December 05, 2009

Kunstmuseum Luzern

(view of Lucerne)

Luzern Art Museum is a striking architectural gesture on the banks of the Lake Lucerne. I saw 4 shows there today. With the annual show featuring 40 artists there were obviously a lot of works of little interest but I was impressed with the 4 untitled small drawings of Nathalie Bissig, which while very simply delineated in what looked like a waxy pencil carried very powerful images of helplessness and power, the distressing power which provokes eroticism over liberalism. Lukas Hoffman displayed some very thoughtful photos of the empty margins of public car parks in grey winter; his trees had the visual definition of lung diagrams footed with the indestructible alienated shrubs beloved of municipal parks departments. Miriam Sturzenegger showed 3 small note books pinned to the wall with ever so faint pencil drawings almost absent-mindedly doodled; but hovering in a dimension out of reach, immaculate tiny handwriting reversed slightly through the pages from the other side – made more inaccessible to me because of them being in German.
In another show “Tamed Light” – videos by Judith Albert were not very interesting.
In another show Irene Bisang’s paintings were enjoyable gouaches which mixed innocence with sudden shocks, a sequence of decorative portraits with thought bubbles, a woman being beheaded by a knife the size of her body, a happy penis; of course, missing Barney, I was drawn to Wise Dog I and II.
(I love the way they pollard on the continent)

From the stable of Barbara Thrumm in Berlin, I think, Valerie Favre’s big show was a variable experience.
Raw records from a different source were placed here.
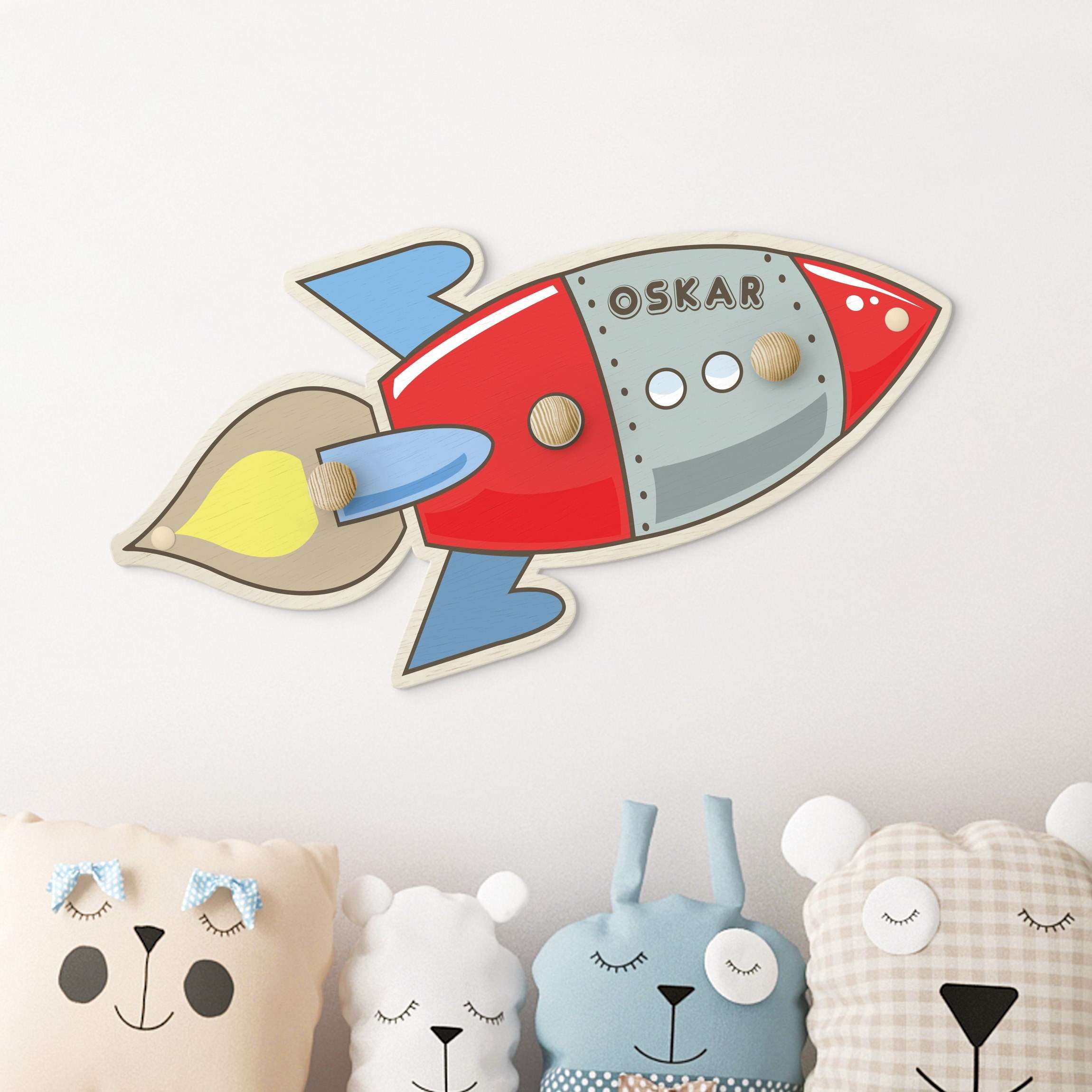 Kindergarderobe Holz mit Namen Rakete rot blau mit Wunschnamen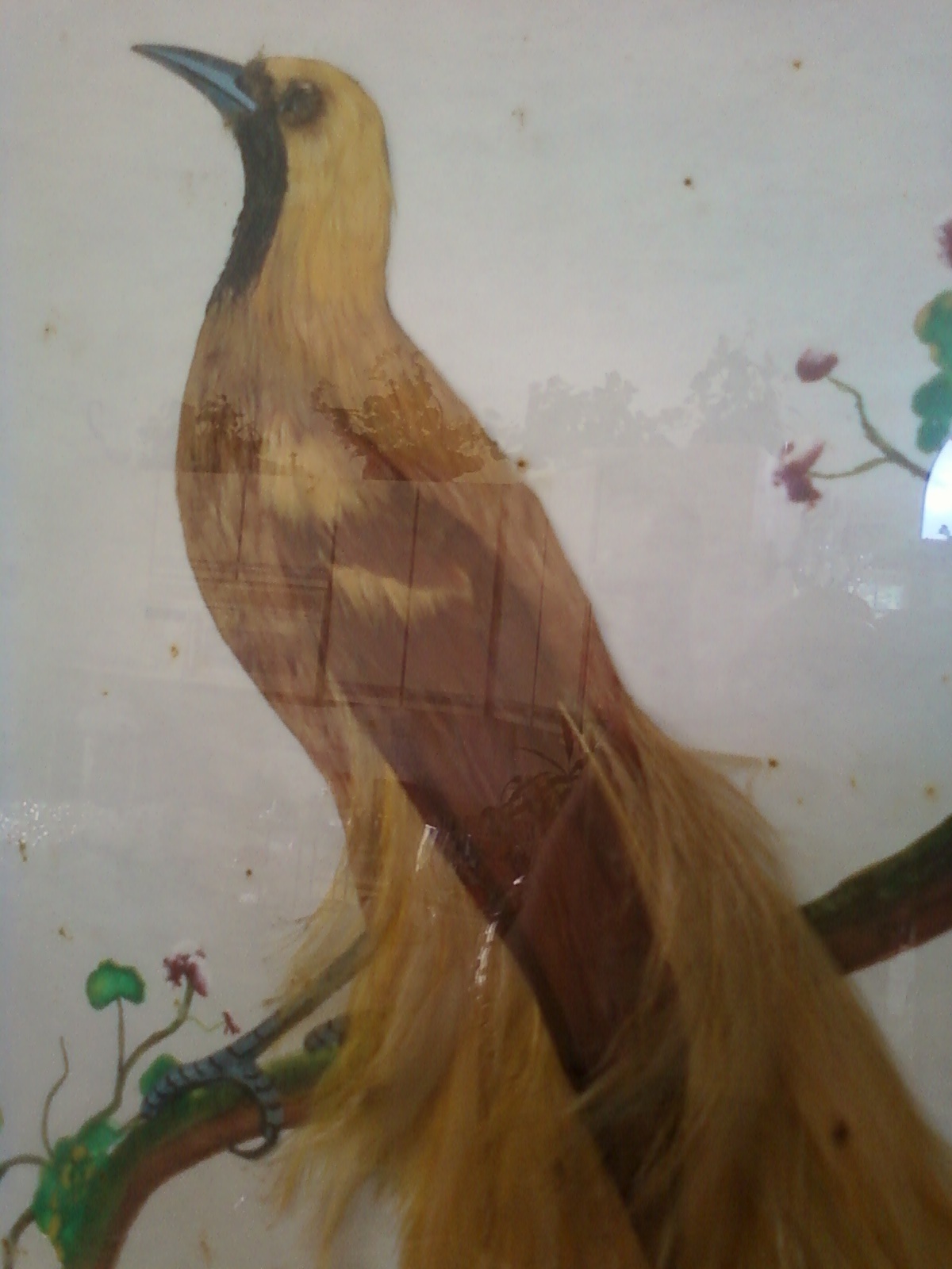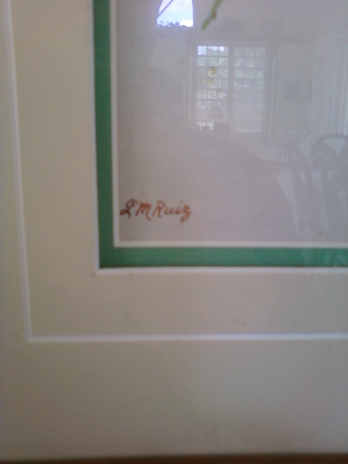 This art was bought by my father to an artist from Peru in the 1940's in New York. The signature reads: L.M. Ruiz. The bird is made from real feathers from the bird that is presented in the picture. I do not know how much money my father paid for it. It is in very good conditions and it draws the attention from everyone that enters my living room.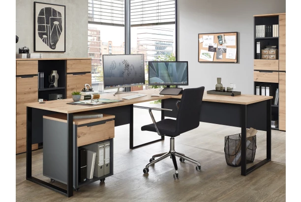 Rohový písací stôl z kancelárskeho programu Memphis – moderný nábytok v kontrastnej kombinácii matný grafit s útulným drevodekorom dub artisan. Tento stôl s veľkou pracovnou plochou sa hodí do každej modernej kancelárie alebo domácej pracovne. Stôl je možné univerzálne zmontovať ako pravý alebo ľavý roh, respektíve s dlhšou stranou napravo alebo naľavo.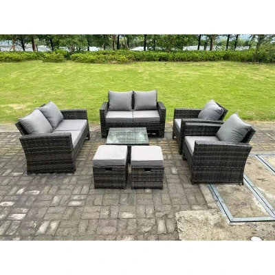 8 Seater Dark Grey Mixed High Back Rattan Sofa Set Square Coffee Table Garden Furniture 2 Chairs Outdoor Patio Stools Fimous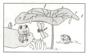 示例:池塘里的荷叶圆圆的、绿绿的。下雨了,小青蛙、小蜻蜓和小鱼儿都躲到荷叶底下避雨,他们说:“大大的荷叶不仅好看,还有这么大的作用呢!”荷叶听了,开心地笑了。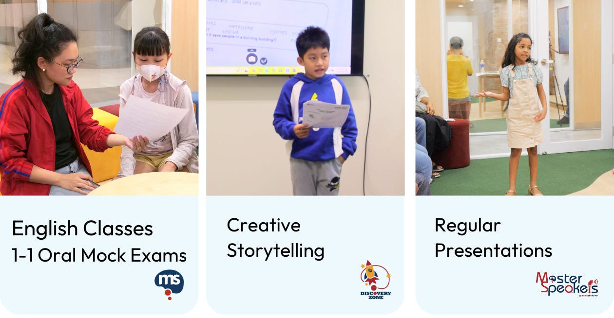 This scene feels familiar to me because I also attend a public speaking course at Master Speakers. At first, I was hesitant and overly self-conscious. However, with the help of my coach, I broke out of my shell. Like the children in the picture, I now delight in telling stories and sharing my opinions in front of my classmates, listening to their inspiring speeches, and witnessing their progress as speakers.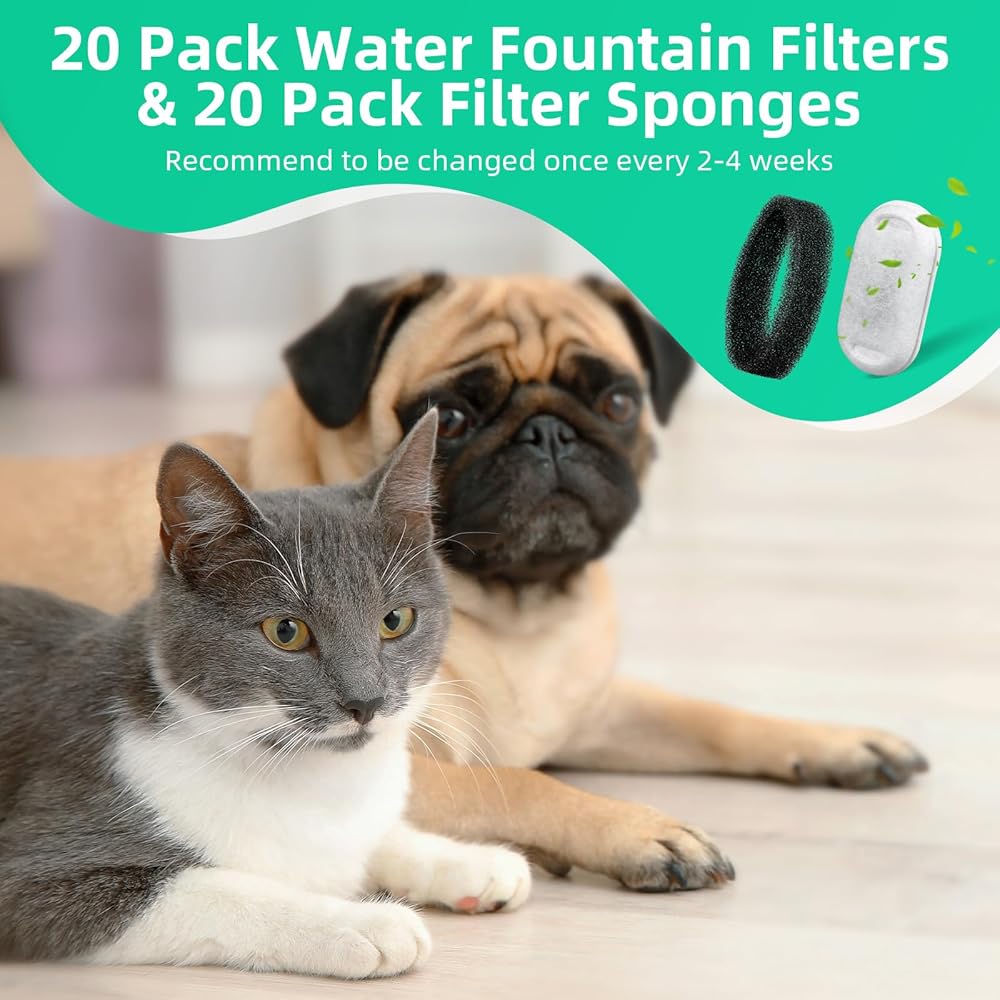 Comprehensive 40-Piece Set for Long-Lasting Use: Our cat water fountain filter replacement package includes a total of 40 pieces—20 high-quality cat fountain filters and 20 pre-filter sponges. Each filter and sponge is individually packaged and sealed, ensuring you always have a fresh and ready-to-use filter on hand. This extensive set offers a convenient and cost-effective solution for maintaining your pet's water fountain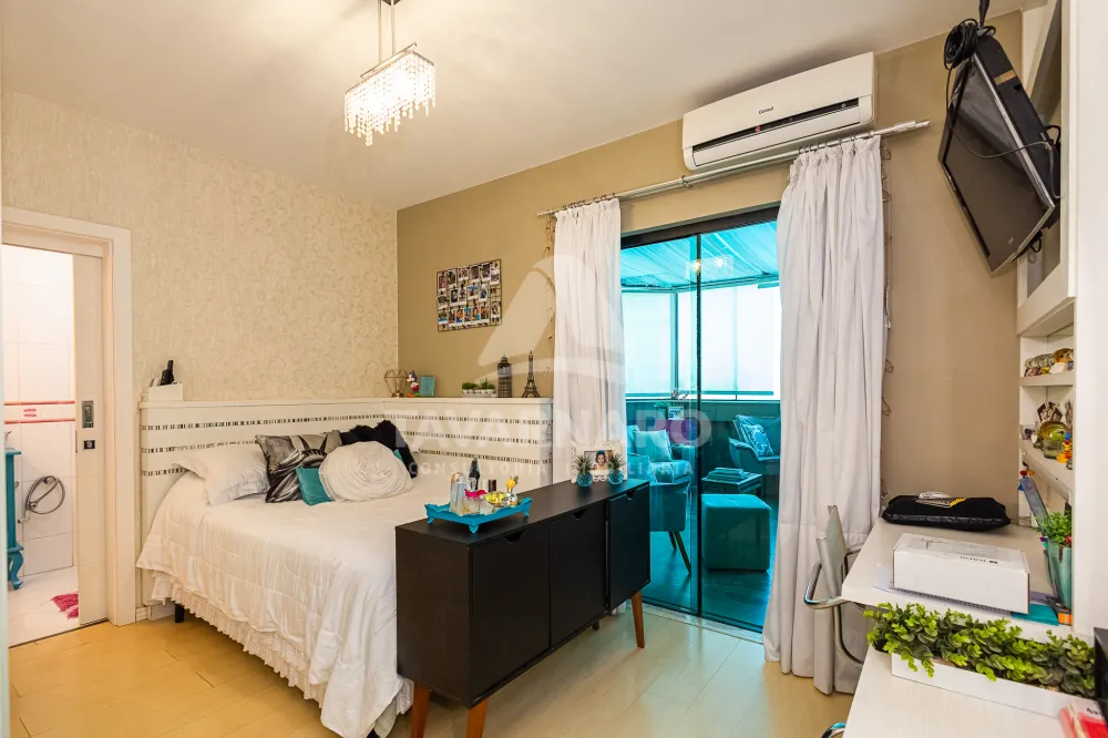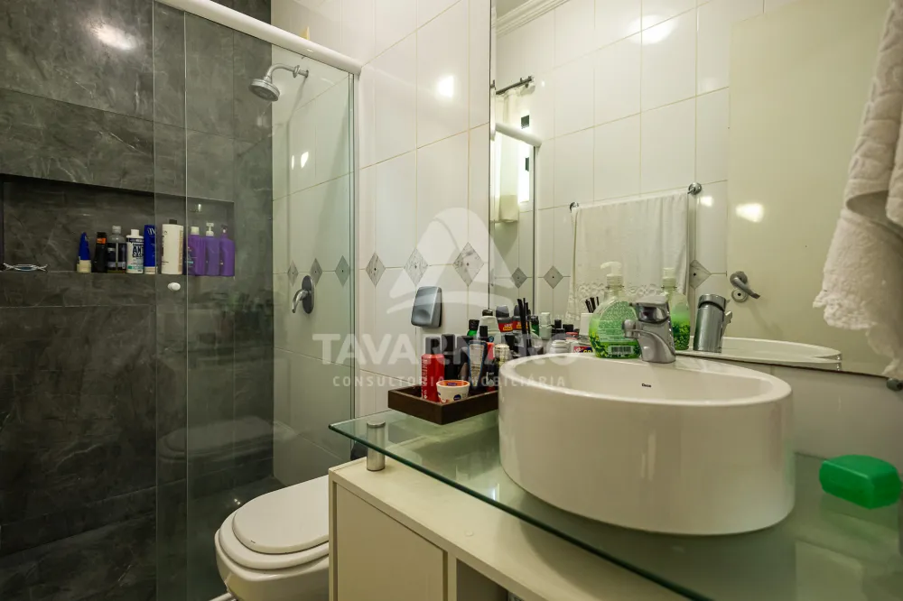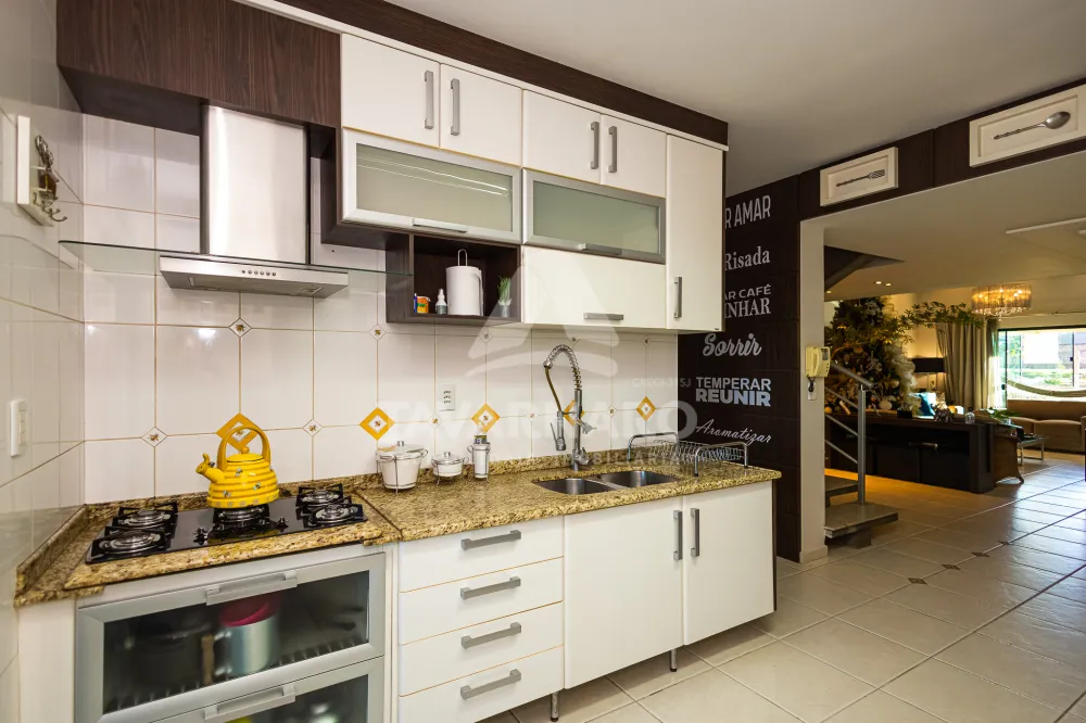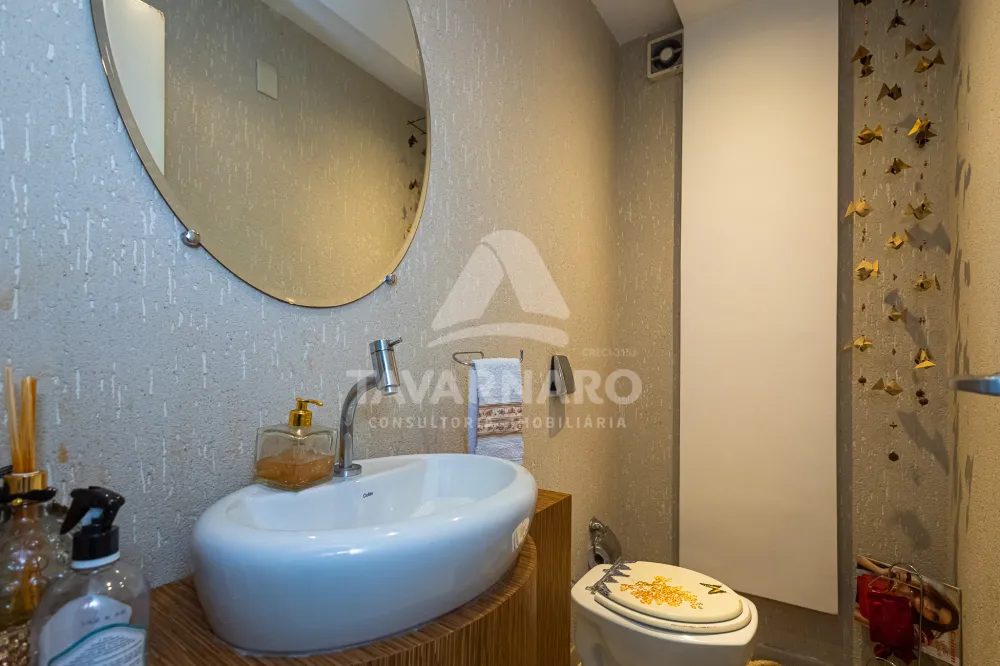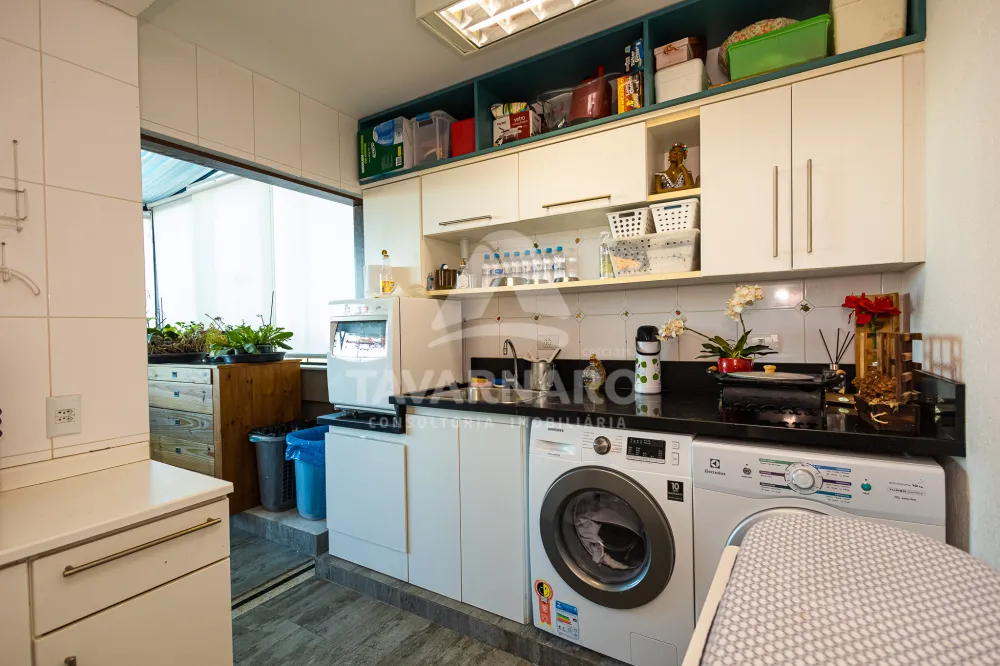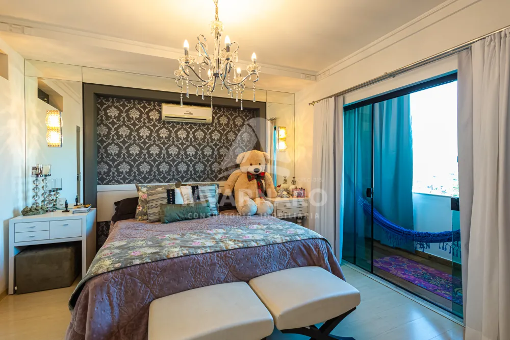 A área residencial conta com quatro suítes confortáveis, duas salas aconchegantes, uma cozinha prática e bem equipada, uma copa, uma lavanderia espaçosa e completa, além de um lavabo.

She had a lot of galleries which seemed to me to expose her strengths and weaknesses. Her large scale landscapes and allegories were stodgy, monotonously coloured and meaningless, whereas her Lapine-Univers [She-hare Universe] was superheroic, vibrantly painterly and erotic. Her series of small Selbstmord [Suicide] canvases with the restricted palette of yellows and greens hung in a long line across 3 walls were gripping but this was dissipated by the location of a monumental not very good painting of a Cockroach on the facing wall. A final room of her motifs intermingling with art historical references returned to muddy ill-definition, except for the strong presence of “Secret Service for the Queen”.